Market Segment Industry Metric Value
SaaS Market Number of SaaS Companies (Global) 4326
SaaS Market Number of SaaS Companies (US) 1985
Workforce Product Managers (LinkedIn Identified, 2023) 698909
Workforce Total Product Managers (Global, 2023) 2494346
Revenue Annual Sales (2023, USD Billion) 7.36
Revenue Projected Annual Sales (2032, USD Billion) 15.41
Competitors Dominant Players Aha!, ProdPad, ProductBoard, ProductPlan, Roadmunk, Jira Product Discovery, Craft.io, Airfocus2
Sources:
- Ahlgren, O., & Dalentoft, J. (n.d.). Collecting and integrating customer feedback.
- Arora, S., & Khare, P. (2024). The Role of Machine Learning in Personalizing User Experiences in SaaS Products, c809-c821.
- Faber, T. (2023, November). Collaboration & Project Management Software in the US. IBISWorld
- Google. Ads Transparency. Google Ads. Accessed February 6th, 2025.
- Google Analytics GA 4. Demographic Details Report. Google, 2025. Analytics.Google.com
- LinkedIn. LinkedIn Ad Library. Accessed February 6th, 2025. LinkedIn Ad Library
1 Revenue projections are based on estimated CAGR growth trends from industry reports.
2 Dominant players include major SaaS companies with significant market share in the product management space.
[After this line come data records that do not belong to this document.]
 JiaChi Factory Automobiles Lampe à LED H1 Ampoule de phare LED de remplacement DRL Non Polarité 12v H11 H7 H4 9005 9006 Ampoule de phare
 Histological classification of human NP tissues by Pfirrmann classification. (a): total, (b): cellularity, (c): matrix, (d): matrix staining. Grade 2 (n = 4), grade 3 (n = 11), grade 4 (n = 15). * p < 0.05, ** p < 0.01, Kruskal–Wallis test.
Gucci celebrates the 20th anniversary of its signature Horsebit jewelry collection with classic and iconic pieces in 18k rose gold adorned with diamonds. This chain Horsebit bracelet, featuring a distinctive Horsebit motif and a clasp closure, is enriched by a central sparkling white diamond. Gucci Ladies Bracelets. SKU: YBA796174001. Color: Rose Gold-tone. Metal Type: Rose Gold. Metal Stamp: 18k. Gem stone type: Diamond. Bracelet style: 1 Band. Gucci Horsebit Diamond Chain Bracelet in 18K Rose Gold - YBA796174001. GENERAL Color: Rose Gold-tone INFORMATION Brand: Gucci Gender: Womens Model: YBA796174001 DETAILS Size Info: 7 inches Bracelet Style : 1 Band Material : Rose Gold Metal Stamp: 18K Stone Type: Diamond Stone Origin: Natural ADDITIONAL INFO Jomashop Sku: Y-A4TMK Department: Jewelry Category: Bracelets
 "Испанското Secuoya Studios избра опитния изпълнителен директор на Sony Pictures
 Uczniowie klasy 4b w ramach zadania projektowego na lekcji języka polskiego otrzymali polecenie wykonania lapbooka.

3 Explain why the table is worth adding to MSDM project written report or presentation slides.

The table is worth adding to MSDM project written report and presentation slides because it summarizes key industry insights in a clear, structed, and data-driven format. Given that your project focuses on digital marketing optimization for Productfolio, the table provides essential market context, competitive landscape, and revenue projections, making it a crucial visual aid for decision-making and strategic planning.
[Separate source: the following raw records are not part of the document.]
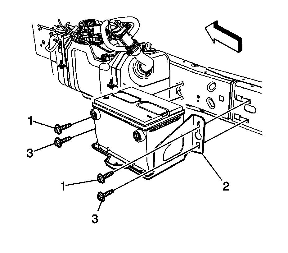 4. Install the lower battery tray bolts (3) and tighten to 25 Nm (18 lb ft).
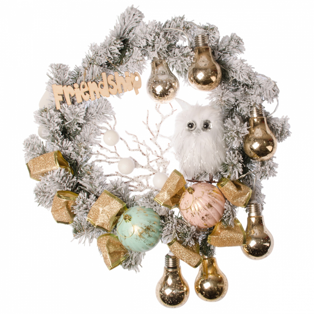 Засніжений вінок, прикрашений блискучими лампочками, стрічкою, совою та кулями стане чудовою окрасою для дому й офісу, а також гарним варіантом подарунка до новорічних свят
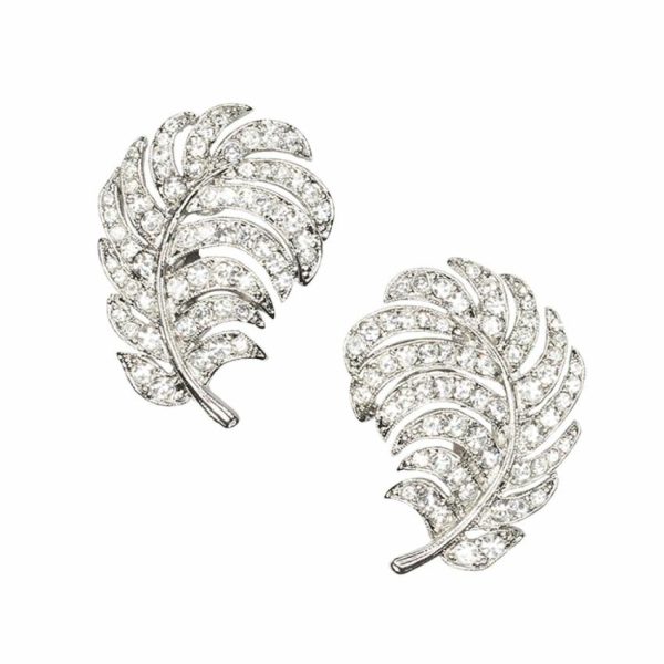Product Description: Let all your fashion fears fly away with these silver-plated, glass crystal pavé feather earrings.

3.1 Key Benefits of Including Table:

Enhance Credibility with Data-Driven Insights

The table presents factual, quantitative data about the SaaS industry, including market size, workforce distribution, and revenue forecasts.

Simplfies Complex Information for Your Audience

Instead of dense paragraphs, the table condenses essential statistics into an easily digestible format.

Strengthens Your Marketing & Industry Analysis Sections

Supports Slide 9 (Industry Analysis) by quantifying market size and projections, Aligns with Slide 10(Customer Analysis) by illustrating workforce and market segmentation and Enhances Slide 11 (SWOT Analysis) by providing competitive landscape data.

Provides a Visual Representation of Key Data for Better Engagement

In presentation, data tables are visually appealing and help maintain audience attention.